Tommy Bell
- Born: Thomas Bell 11 November 1992 (age 33) Plymouth, England
- Height: 1.83 m (6 ft 0 in)
- Weight: 86 kg (13 st 8 lb)
- School: Bacup and Rawtenstall Grammar School
- Notable relative: Chris Bell (brother)

Rugby union career
- Position(s): Full-back, Fly-half, Wing, Centre
- Current team: London Welsh Amateur

Senior career
- Years: Team / Apps / (Points)
- 2010–2012: Sale Sharks / 1 / (5)
- 2011: →Leeds Carnegie / 21 / (234)
- 2012–2014: London Wasps / 29 / (81)
- 2014: Jersey / 5 / (62)
- 2014–2016: Leicester Tigers / 31 / (130)
- 2016–2019: London Irish / 7 / (86)
- 2019–2020: Ealing Trailfinders / 16 / (27)
- 2020: Asia Pacific Dragons
- 2020–2021: Stade Montois / 15 / (16)
- 2022: Benetton / 4 / (0)
- 2022-24: Tokyo Gas RFC
- Correct as of 5 Mar 2022

International career
- Years: Team / Apps / (Points)
- England U18
- 2011–2012: England U20 / 6 / (31)

= Tommy Bell (rugby union) =

English rugby union player

Tommy Bell (born 11 November 1992) is a retired English rugby union player who most recently played for Tokyo Gas RFC in Japan. Prior to that his last club in Europe has been Benetton Rugby

He began his career with Sale Sharks in the Aviva Premiership, but moved to London Wasps for the 2012/2013 season, playing alongside his brother Chris Bell.

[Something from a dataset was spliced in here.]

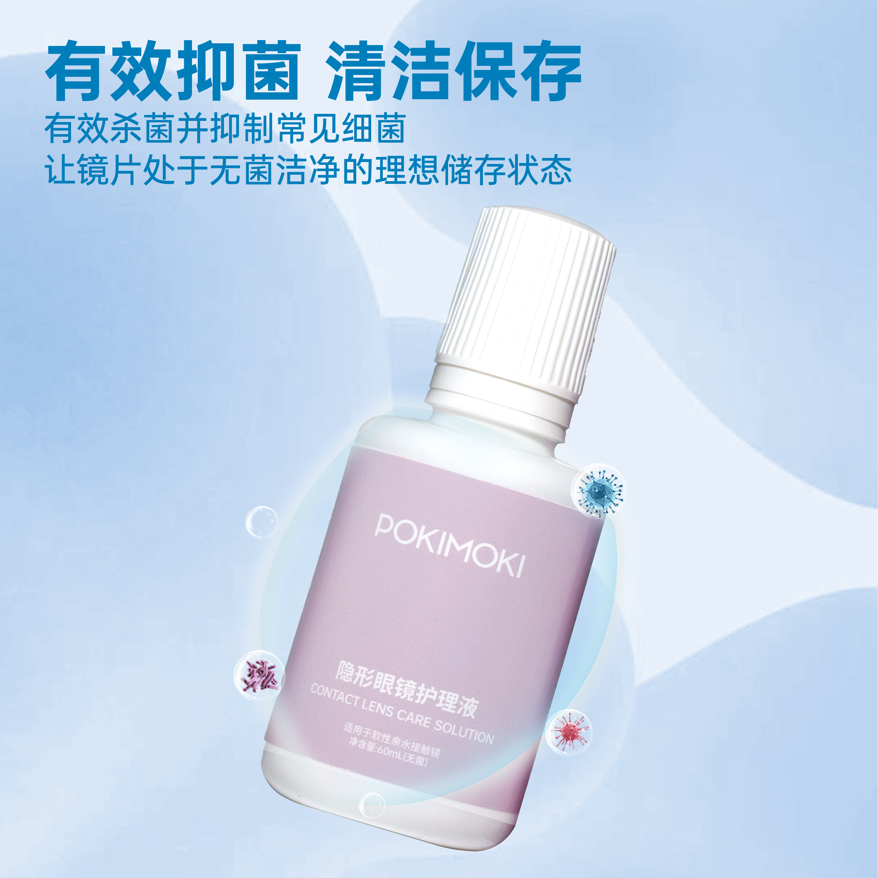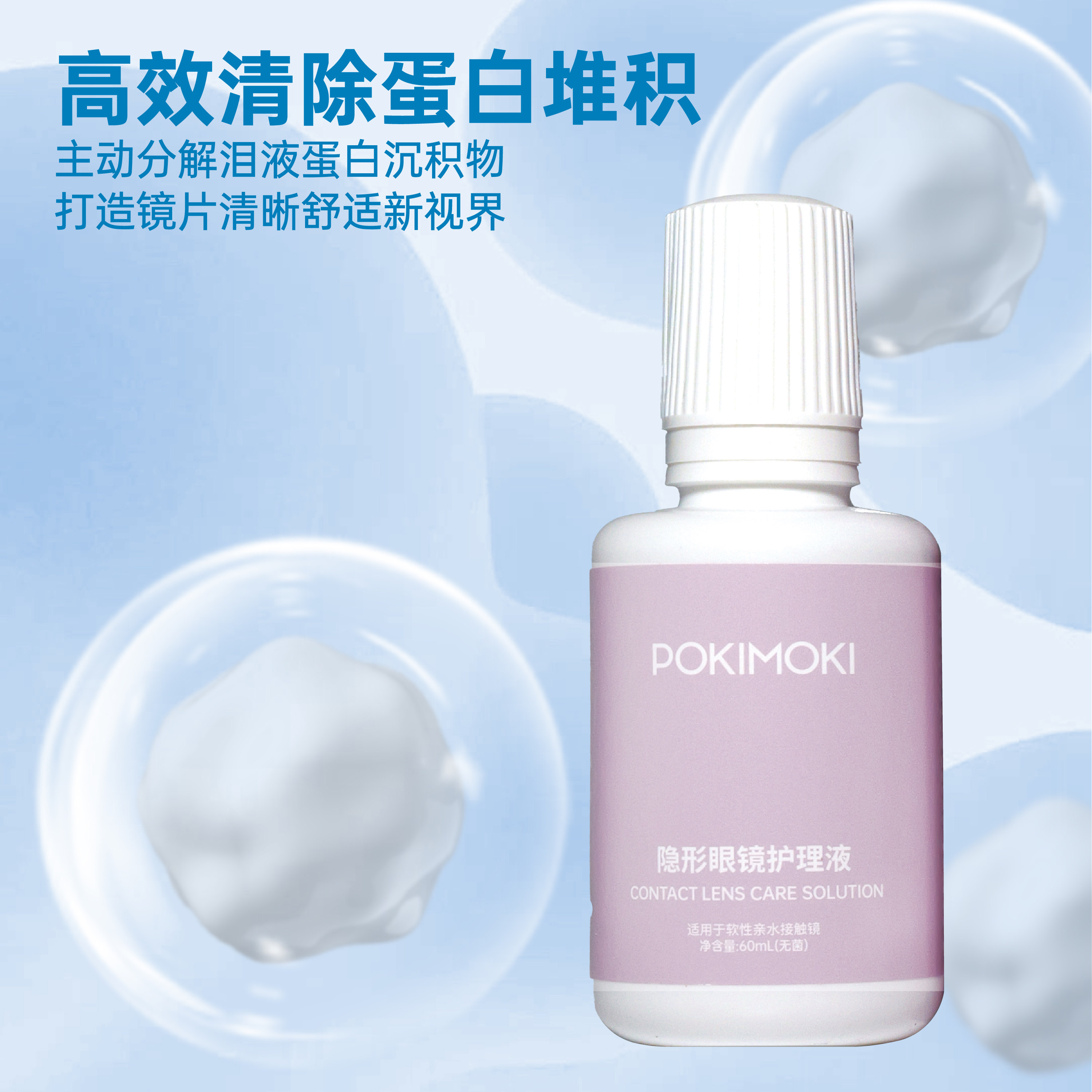 POKIMOKI隐形眼镜护理液小瓶装去蛋白水润60ml3瓶美瞳专用护理液 - POKIMOKI旗舰店

On 6 June 2014, Bell made his move to the RFU Championship as he signed a contract with Jersey. However, after a month with Jersey, Bell was granted early release from his contract since a top flight club made an approach to him where he would officially move to Leicester Tigers.

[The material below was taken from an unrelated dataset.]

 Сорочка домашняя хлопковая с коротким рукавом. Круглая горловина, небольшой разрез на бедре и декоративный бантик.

On 17 February 2016, Bell agreed to a long-term deal with London Irish from the 2016–17 season.

He joined RFU Championship side Ealing Trailfinders for the 2019–20 season.
In 2022 he played for Benetton in United Rugby Championship. A move to Japan followed to play for Tokyo Gas before Bell retired from the professional game in 2024 returning to the UK and joining London Welsh Amateur playing at level 5 of the RFU pyramid.

After playing for England U18, from 2011 to 2012 Bell was named in the England U20 squad.